**Entries shown**.
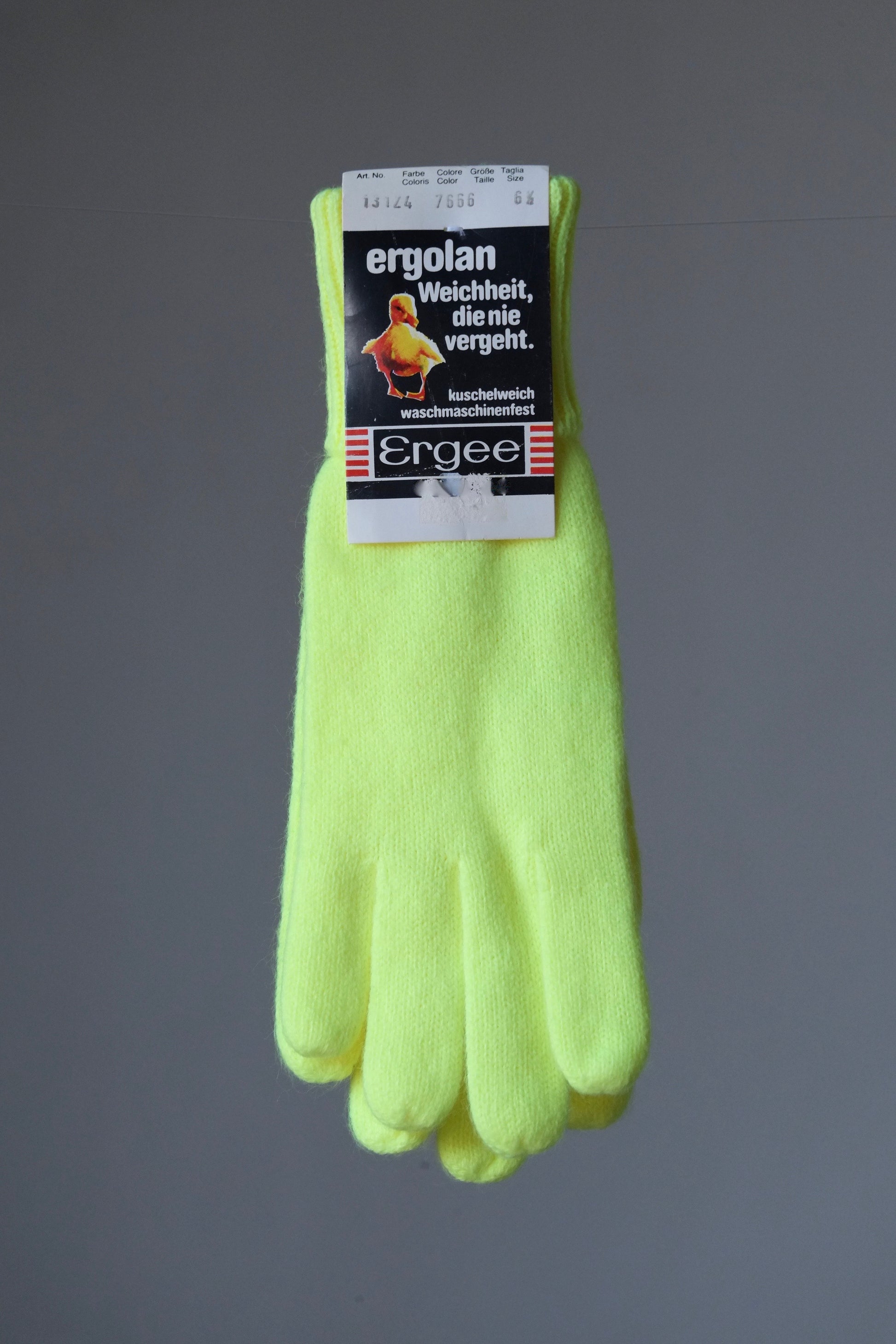 Vintage 90s extremely soft wool gloves, in neon yellow.
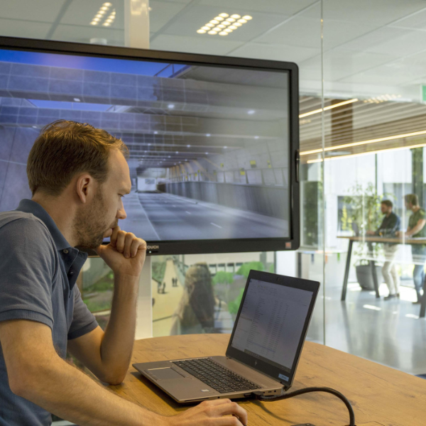 Our technology also makes it possible to add virtual traffic – for example, to test whether a tunnel closes correctly or to monitor the operation of temporary emergency lane barriers. The 3D model also allows testing of whether emergency exits and help points are clearly visible and/or accessible.
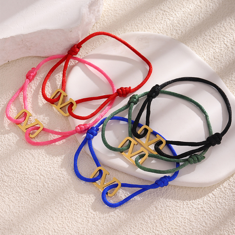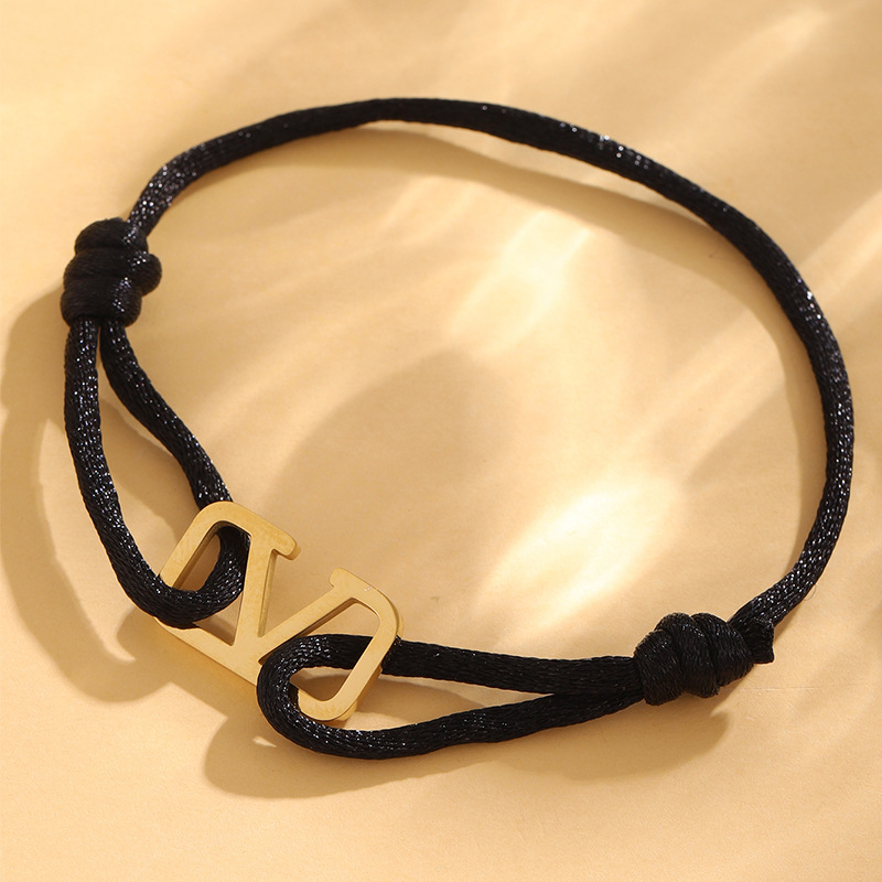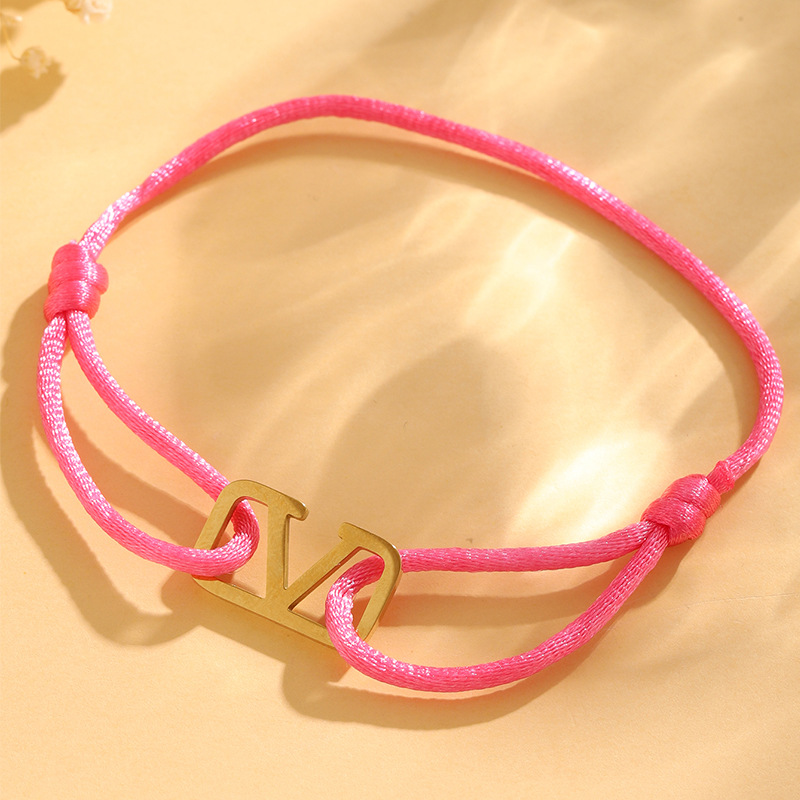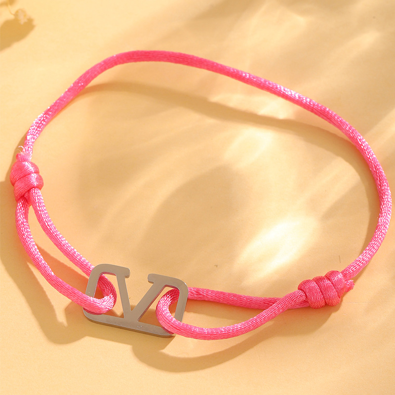 Nueva venta caliente simple cuadrado en forma de V hueca cuerda de mano tejida moda para mujer pulsera de acero inoxidable de nicho joyería
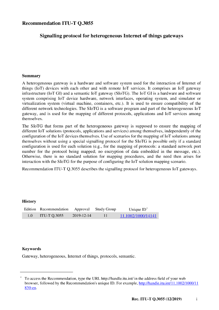 ITU-T Q.3055-2019 异构物联网网关的信令协议
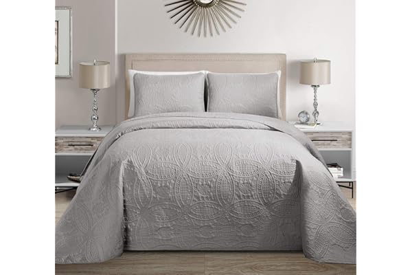 MK Home Mk Collection Solid Embossed Bedspread Bed Cover Over Size (Silver, King/California King)
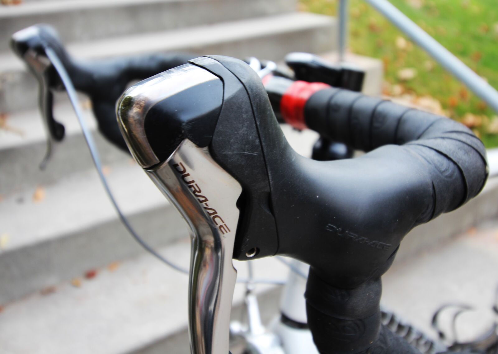 Shimano Dura Ace shifters and derailleurs. (The top of Shimano's road groupset range; "pro"-level gear.)
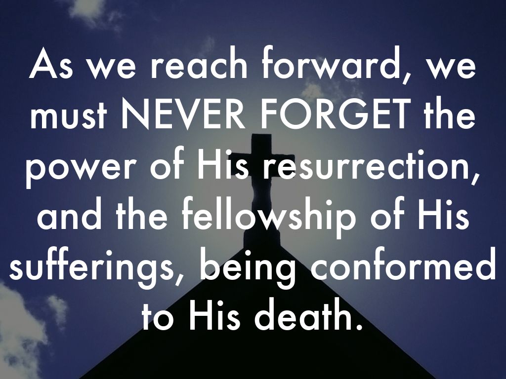 Php 3:12 Not that I have already attained, or am already perfected; but I press on, that I may lay hold of that for which Christ Jesus has also laid hold of me. 13 Brethren, I do not count myself to have apprehended; but one thing I do, forgetting those things which are behind and reaching forward to those things which are ahead, 14 I press toward the goal for the prize of the upward call of God in Christ Jesus.
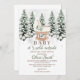 Watercolor Winter Forest Gray Baby Shower Invitation
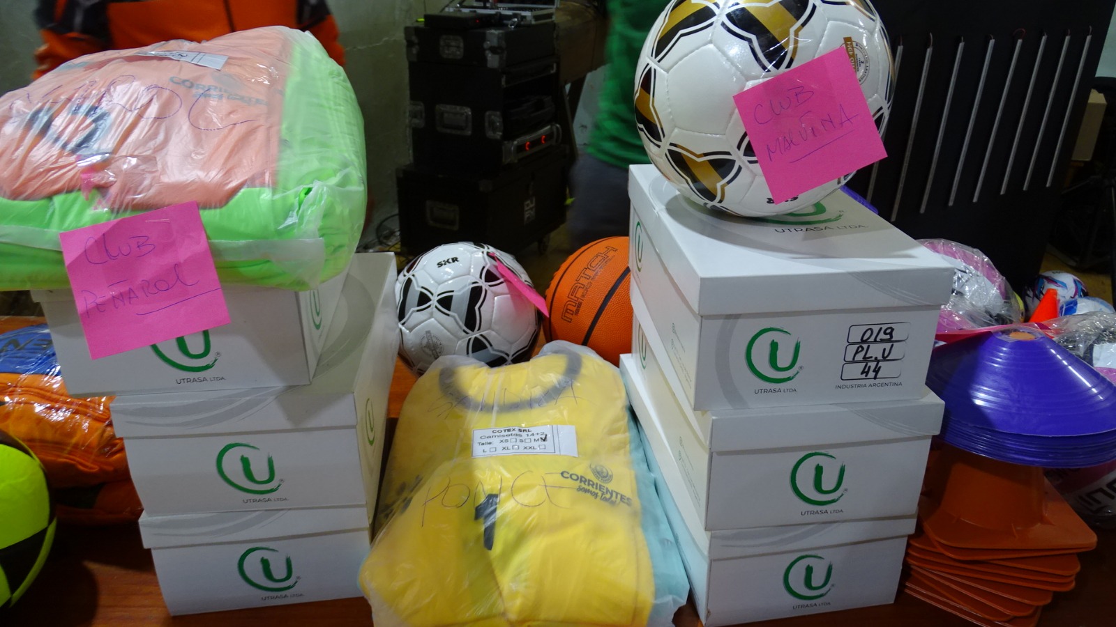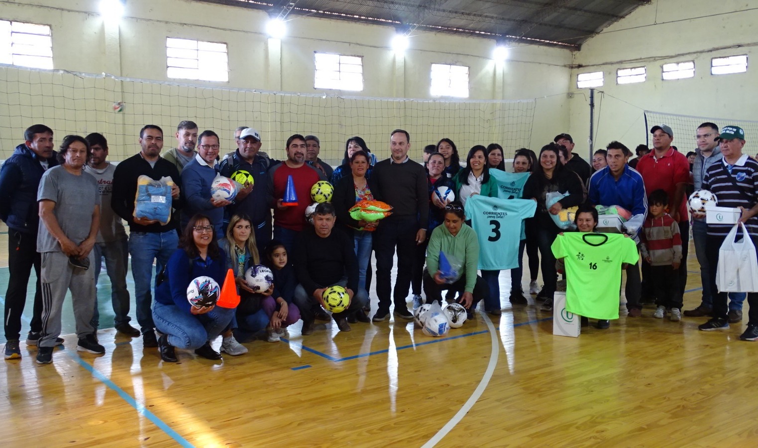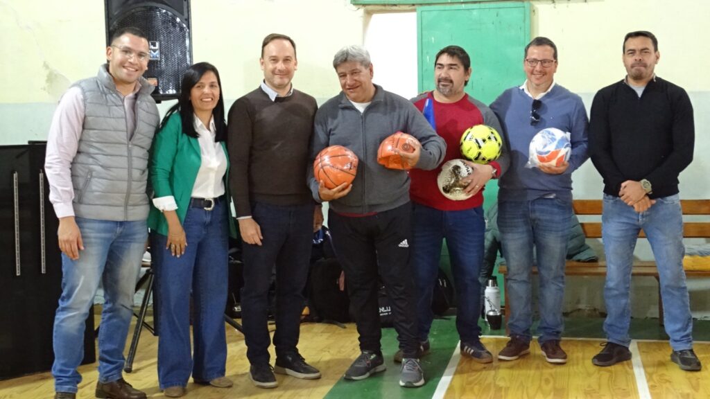 Los destinatarios recibieron pelotas de fútbol, básquet y Newcom, botines, juegos de camisetas, medias, conos, tortugas, todo destinado a la práctica deportiva de cada institución.
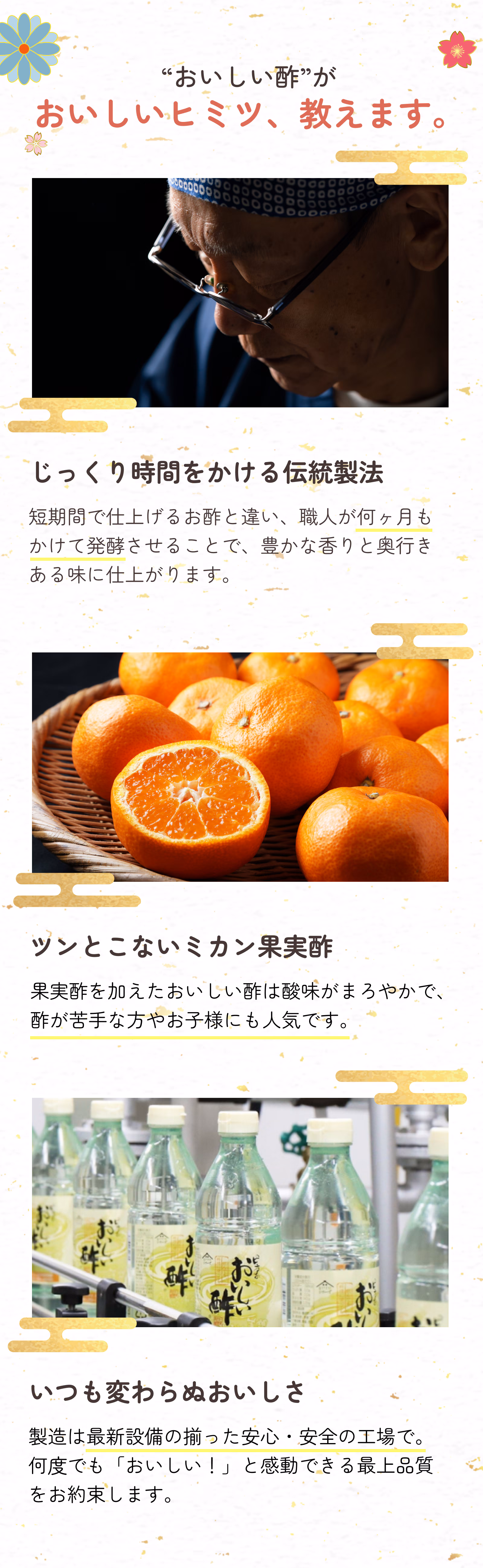 昔ながらの製法でつくった米酢に、みかん果実酢を配合しました。まろやかな酸味と爽やかな甘味があり、酢が苦手な方にも大好評です。料理にはもちろん、野菜や果物、らっきょうなどを漬けたり、サラダにそのままかけたり、水などで薄めて飲んでもおいしい酢に仕上げました。
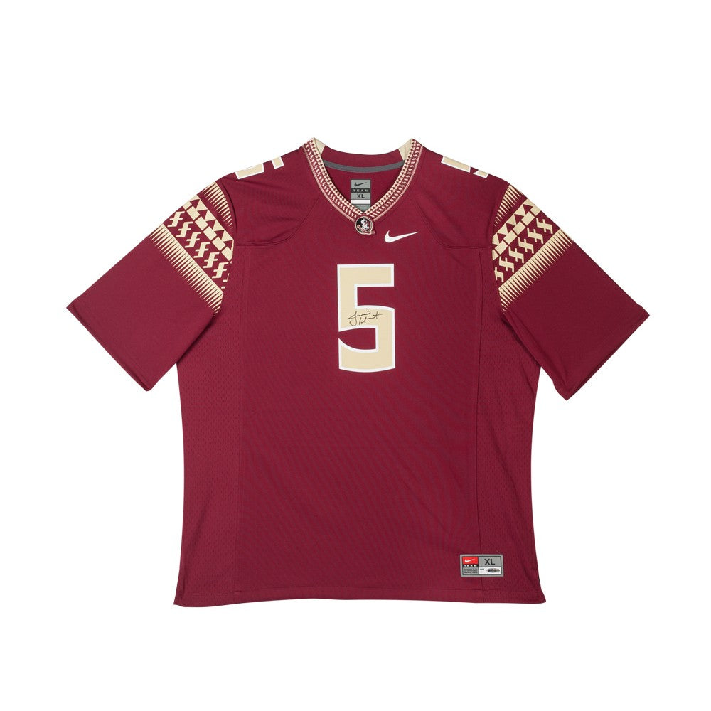 Jameis Winston put together one of the finest freshman college football seasons in the sport's rich history in 2013. He threw for 4,057 yards, 40 touchdowns against just 10 interceptions, and culminated a busy award season by capturing the Heisman Trophy Award. While some athletes would have been satisfied with that, he saved his best for last that season. With the Seminoles down by four points with 1:19 to go in the BCS National Championship Game, Winston took the team on his shoulders on an 80-yard game-winning drive that ended with a 2-yard touchdown pass and cemented his legacy as one of FSU's greatest signal callers of all time. Winston has signed this FSU Garnet Nike replica jersey in black paint pen. His signature is deemed authentic by virtue of Upper Deck Authenticated's Five Step Process.

**Task**. Copy every entry word for word, but omit the pictures.

**Solution for this task**.
 Vintage 90s extremely soft wool gloves, in neon yellow.
 Our technology also makes it possible to add virtual traffic – for example, to test whether a tunnel closes correctly or to monitor the operation of temporary emergency lane barriers. The 3D model also allows testing of whether emergency exits and help points are clearly visible and/or accessible.
 Nueva venta caliente simple cuadrado en forma de V hueca cuerda de mano tejida moda para mujer pulsera de acero inoxidable de nicho joyería
 ITU-T Q.3055-2019 异构物联网网关的信令协议
 MK Home Mk Collection Solid Embossed Bedspread Bed Cover Over Size (Silver, King/California King)
 Shimano Dura Ace shifters and derailleurs. (The top of Shimano's road groupset range; "pro"-level gear.)
 Php 3:12 Not that I have already attained, or am already perfected; but I press on, that I may lay hold of that for which Christ Jesus has also laid hold of me. 13 Brethren, I do not count myself to have apprehended; but one thing I do, forgetting those things which are behind and reaching forward to those things which are ahead, 14 I press toward the goal for the prize of the upward call of God in Christ Jesus.
 Watercolor Winter Forest Gray Baby Shower Invitation
 Los destinatarios recibieron pelotas de fútbol, básquet y Newcom, botines, juegos de camisetas, medias, conos, tortugas, todo destinado a la práctica deportiva de cada institución.
 昔ながらの製法でつくった米酢に、みかん果実酢を配合しました。まろやかな酸味と爽やかな甘味があり、酢が苦手な方にも大好評です。料理にはもちろん、野菜や果物、らっきょうなどを漬けたり、サラダにそのままかけたり、水などで薄めて飲んでもおいしい酢に仕上げました。
 Jameis Winston put together one of the finest freshman college football seasons in the sport's rich history in 2013. He threw for 4,057 yards, 40 touchdowns against just 10 interceptions, and culminated a busy award season by capturing the Heisman Trophy Award. While some athletes would have been satisfied with that, he saved his best for last that season. With the Seminoles down by four points with 1:19 to go in the BCS National Championship Game, Winston took the team on his shoulders on an 80-yard game-winning drive that ended with a 2-yard touchdown pass and cemented his legacy as one of FSU's greatest signal callers of all time. Winston has signed this FSU Garnet Nike replica jersey in black paint pen. His signature is deemed authentic by virtue of Upper Deck Authenticated's Five Step Process.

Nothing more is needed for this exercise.